• _YOUR GOAL_
Could you retype exactly the lines below between the one holding "I hela landet" and the one holding "огурец грунтовый, помидоры, салат, редис, шпинат, лук", inclusive, leaving out any pictures?

• _STORED DATA_
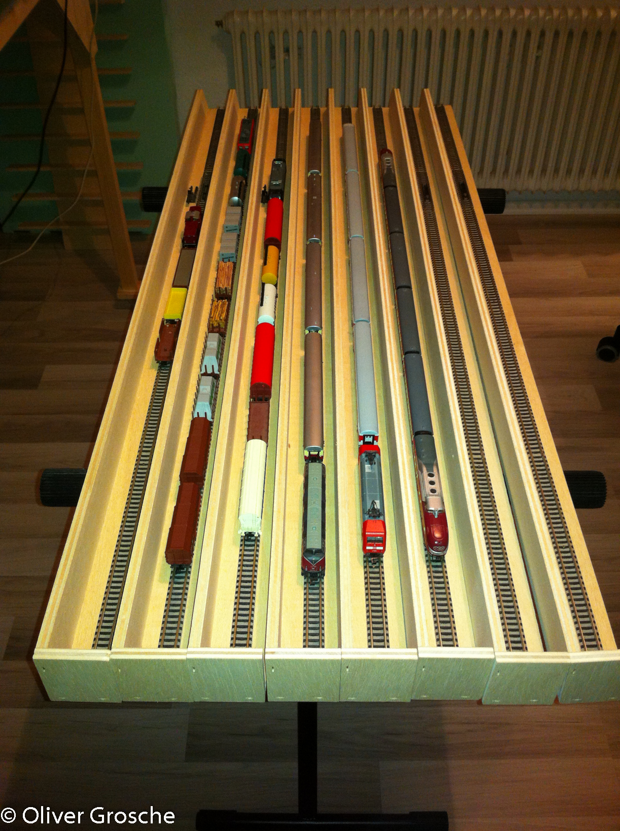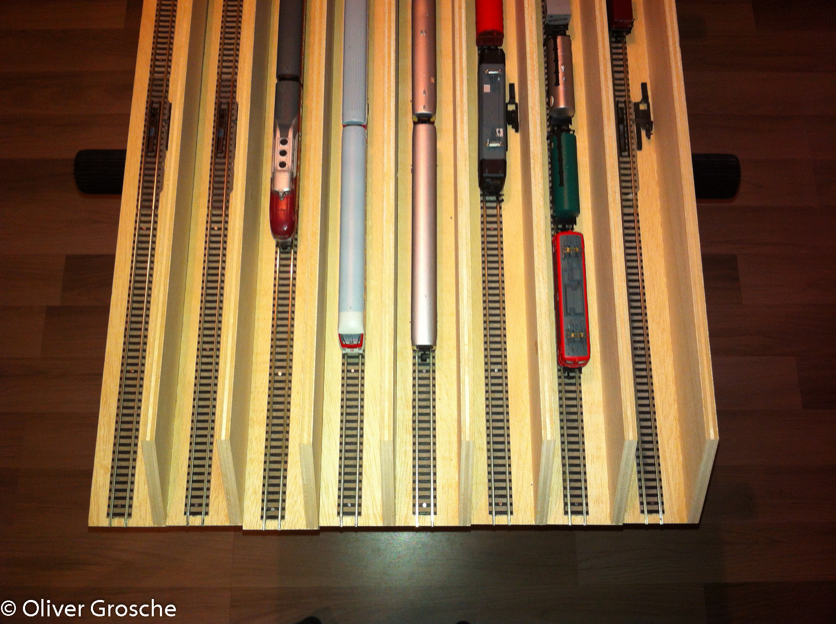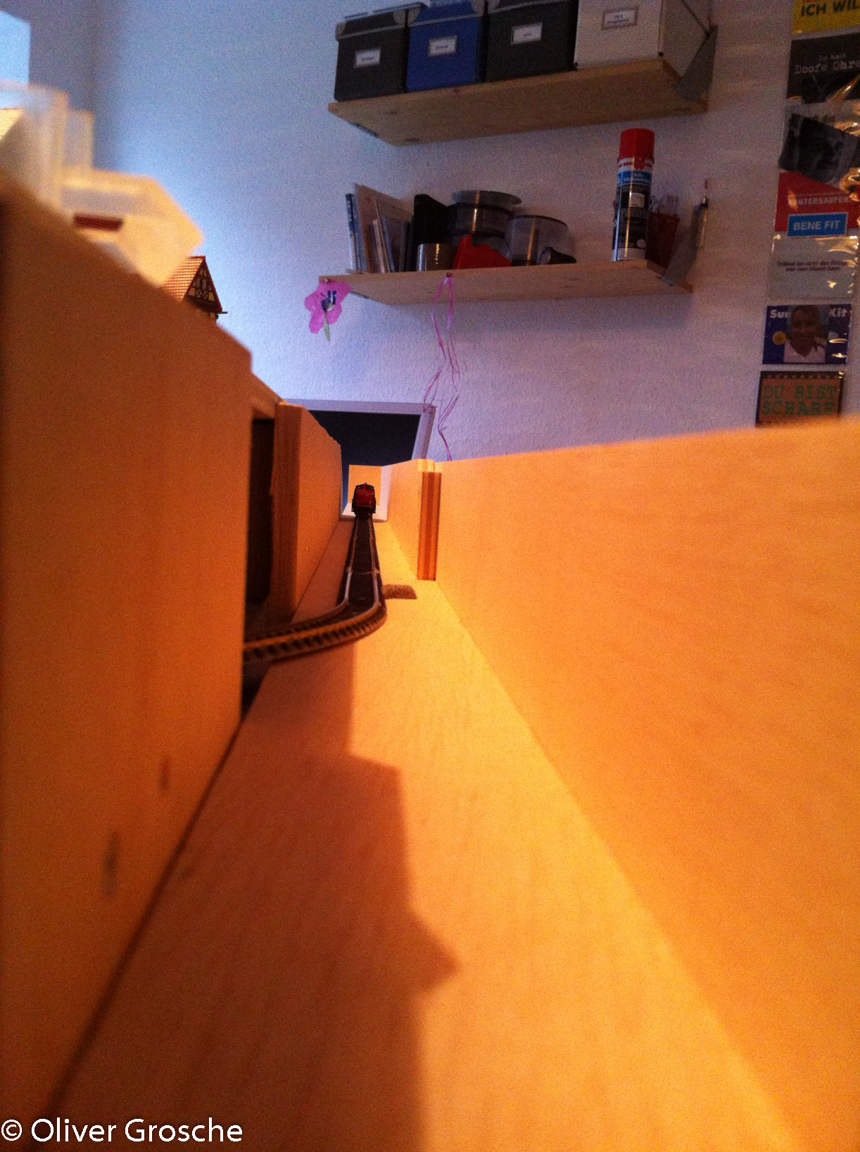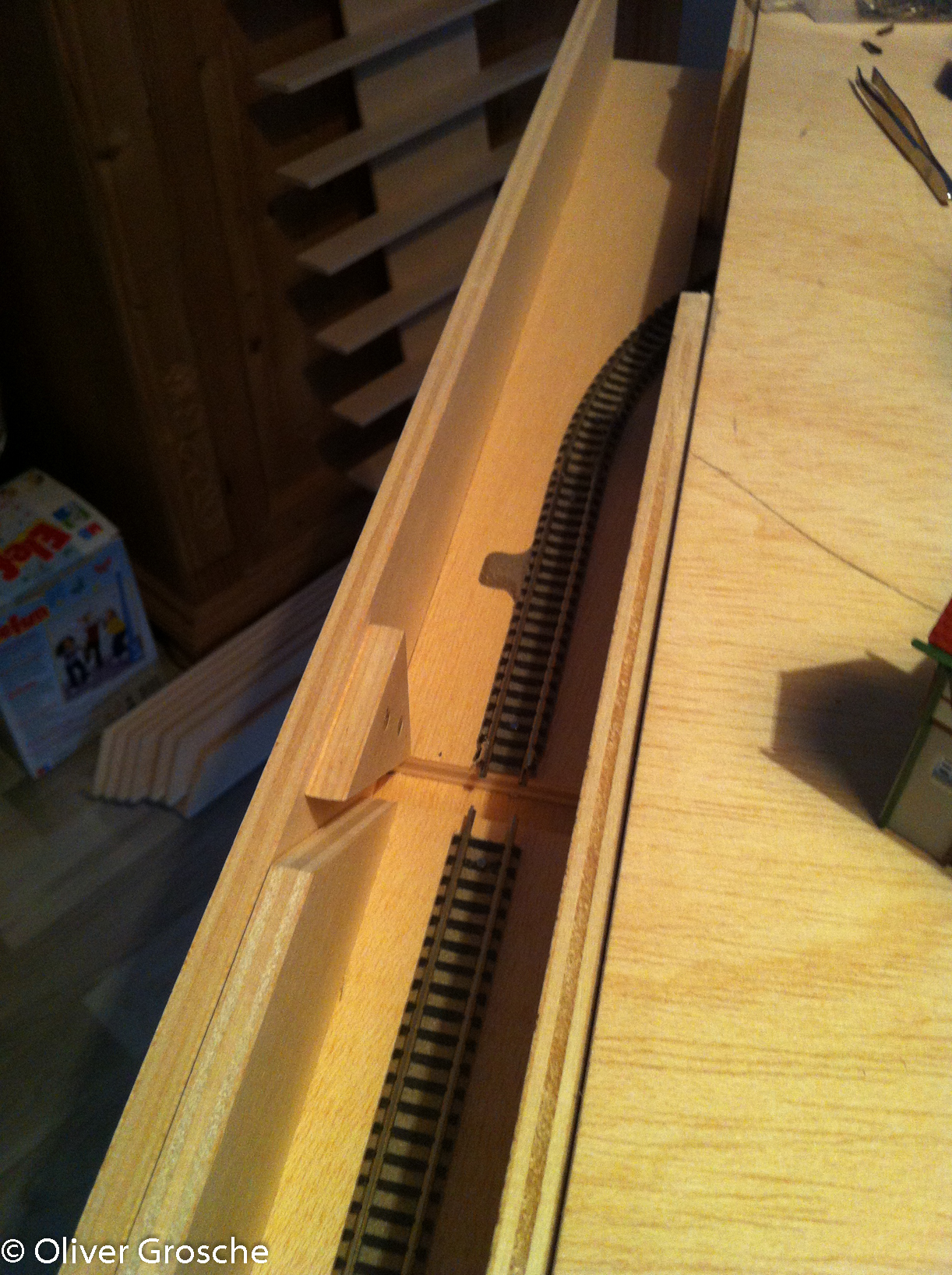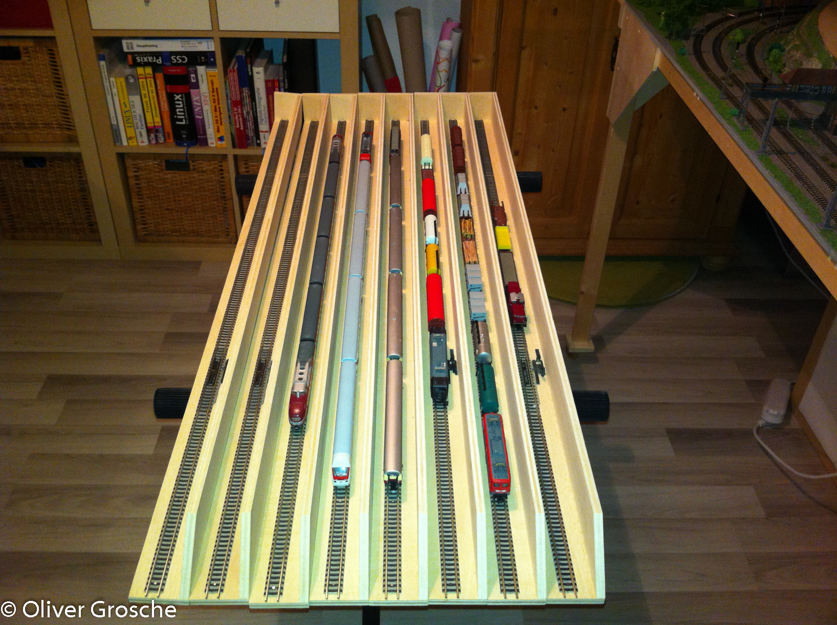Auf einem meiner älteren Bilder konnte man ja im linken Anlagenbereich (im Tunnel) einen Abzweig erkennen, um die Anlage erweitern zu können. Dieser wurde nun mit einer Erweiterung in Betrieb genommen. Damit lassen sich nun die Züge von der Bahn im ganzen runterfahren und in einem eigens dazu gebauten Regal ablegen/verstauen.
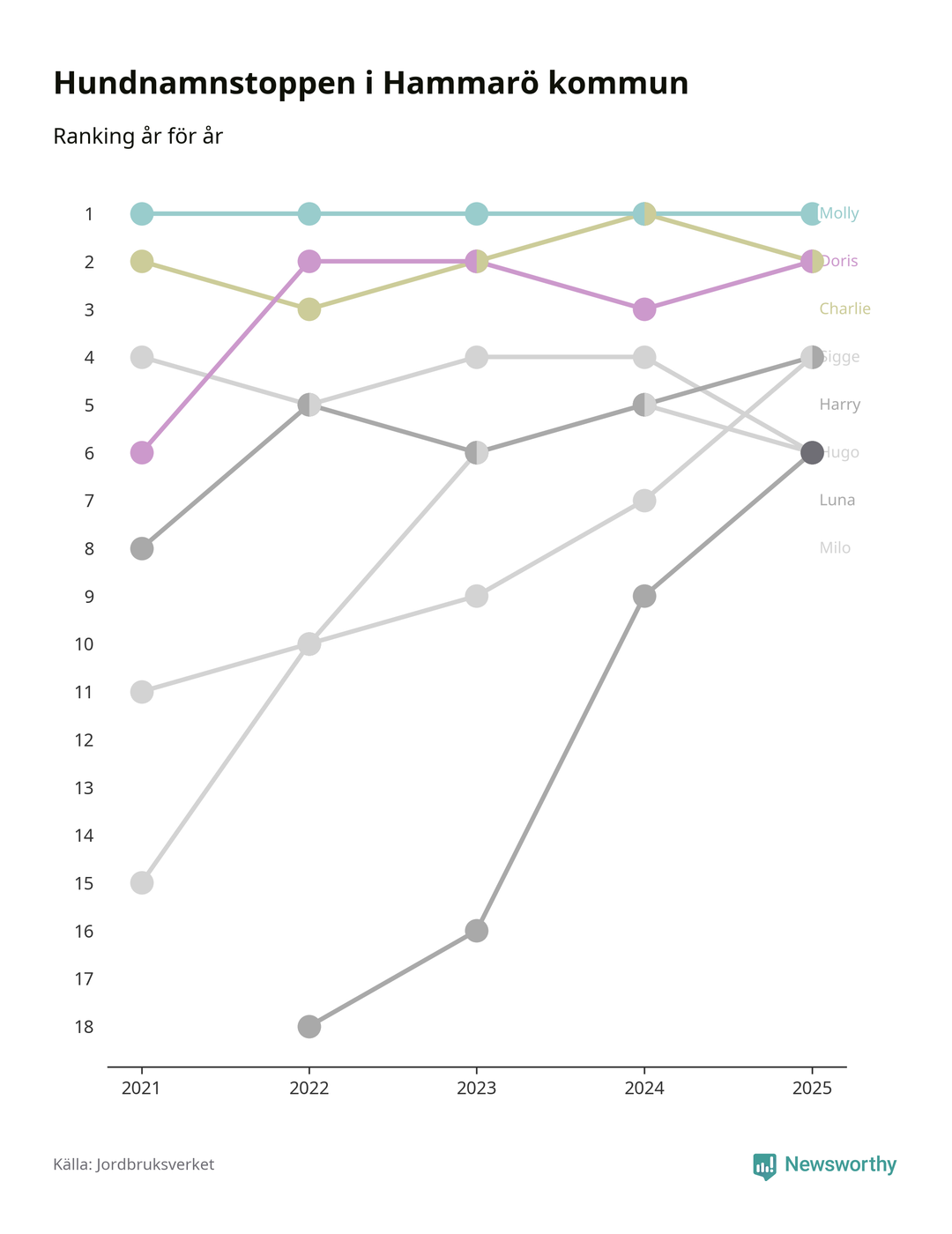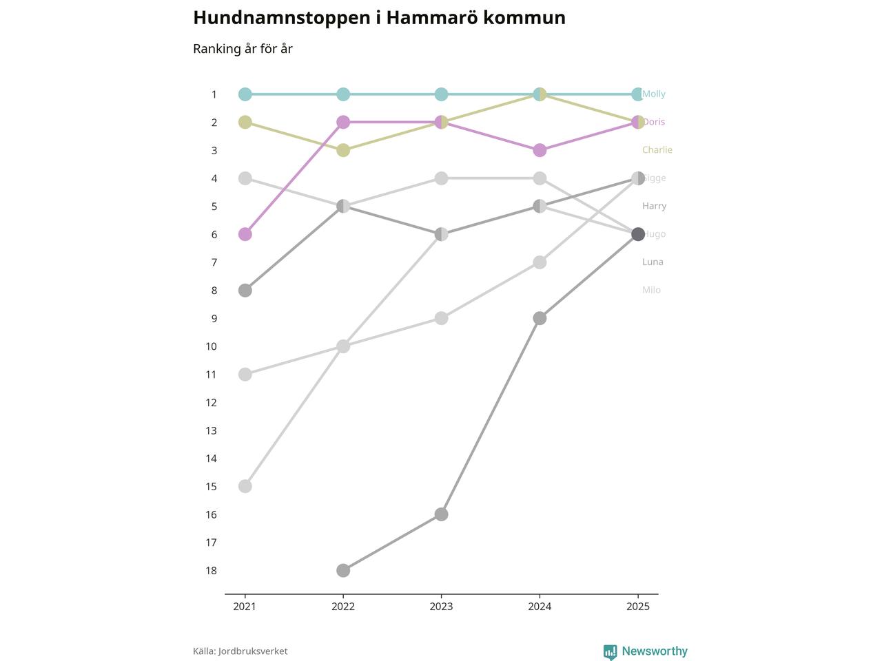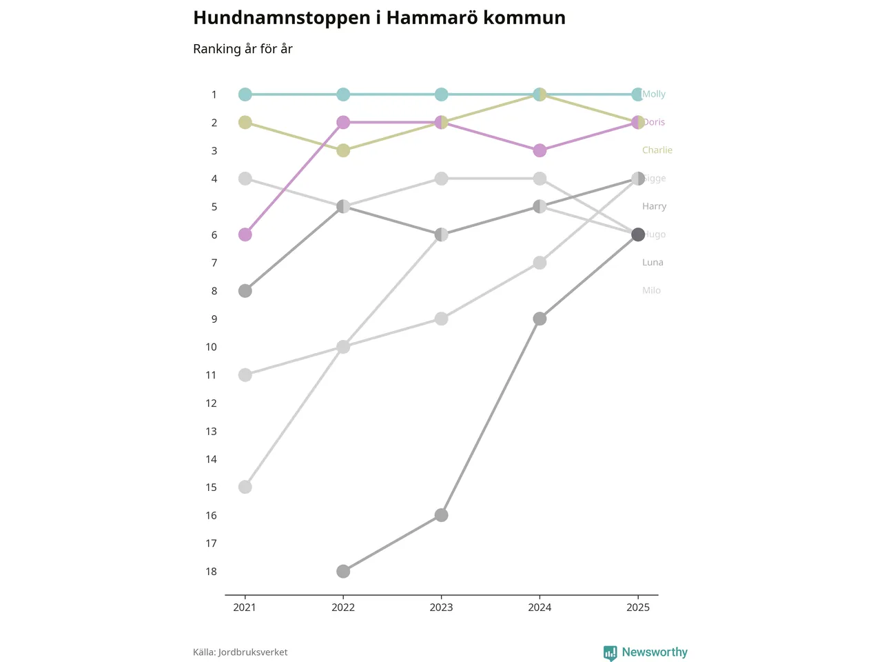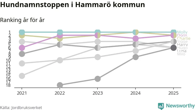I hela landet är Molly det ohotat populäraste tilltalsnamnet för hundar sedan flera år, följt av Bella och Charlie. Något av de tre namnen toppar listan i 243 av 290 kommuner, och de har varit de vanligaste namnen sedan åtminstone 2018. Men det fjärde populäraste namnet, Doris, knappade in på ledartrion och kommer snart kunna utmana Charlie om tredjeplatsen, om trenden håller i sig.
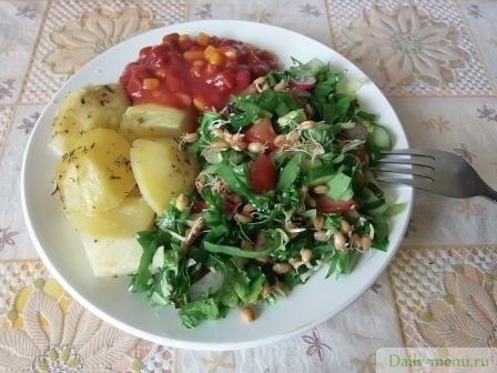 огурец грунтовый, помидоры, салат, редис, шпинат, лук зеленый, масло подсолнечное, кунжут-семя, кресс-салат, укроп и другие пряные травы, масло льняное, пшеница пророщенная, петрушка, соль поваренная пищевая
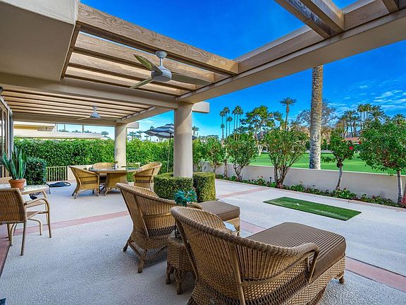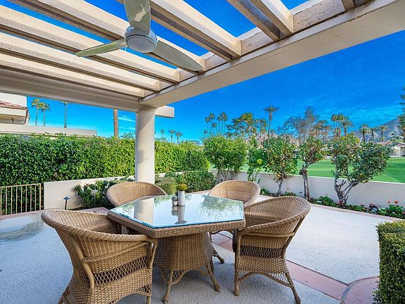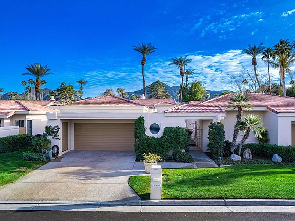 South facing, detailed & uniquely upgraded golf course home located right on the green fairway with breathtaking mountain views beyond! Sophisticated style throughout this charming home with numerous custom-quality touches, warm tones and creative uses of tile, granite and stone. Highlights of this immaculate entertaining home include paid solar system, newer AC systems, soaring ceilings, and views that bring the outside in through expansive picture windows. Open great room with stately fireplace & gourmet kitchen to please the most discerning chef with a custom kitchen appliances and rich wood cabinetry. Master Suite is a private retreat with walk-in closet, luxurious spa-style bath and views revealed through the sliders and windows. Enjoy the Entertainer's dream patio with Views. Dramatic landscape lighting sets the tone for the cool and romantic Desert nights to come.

• _FINAL ANSWER_
I hela landet är Molly det ohotat populäraste tilltalsnamnet för hundar sedan flera år, följt av Bella och Charlie. Något av de tre namnen toppar listan i 243 av 290 kommuner, och de har varit de vanligaste namnen sedan åtminstone 2018. Men det fjärde populäraste namnet, Doris, knappade in på ledartrion och kommer snart kunna utmana Charlie om tredjeplatsen, om trenden håller i sig.
 огурец грунтовый, помидоры, салат, редис, шпинат, лук зеленый, масло подсолнечное, кунжут-семя, кресс-салат, укроп и другие пряные травы, масло льняное, пшеница пророщенная, петрушка, соль поваренная пищевая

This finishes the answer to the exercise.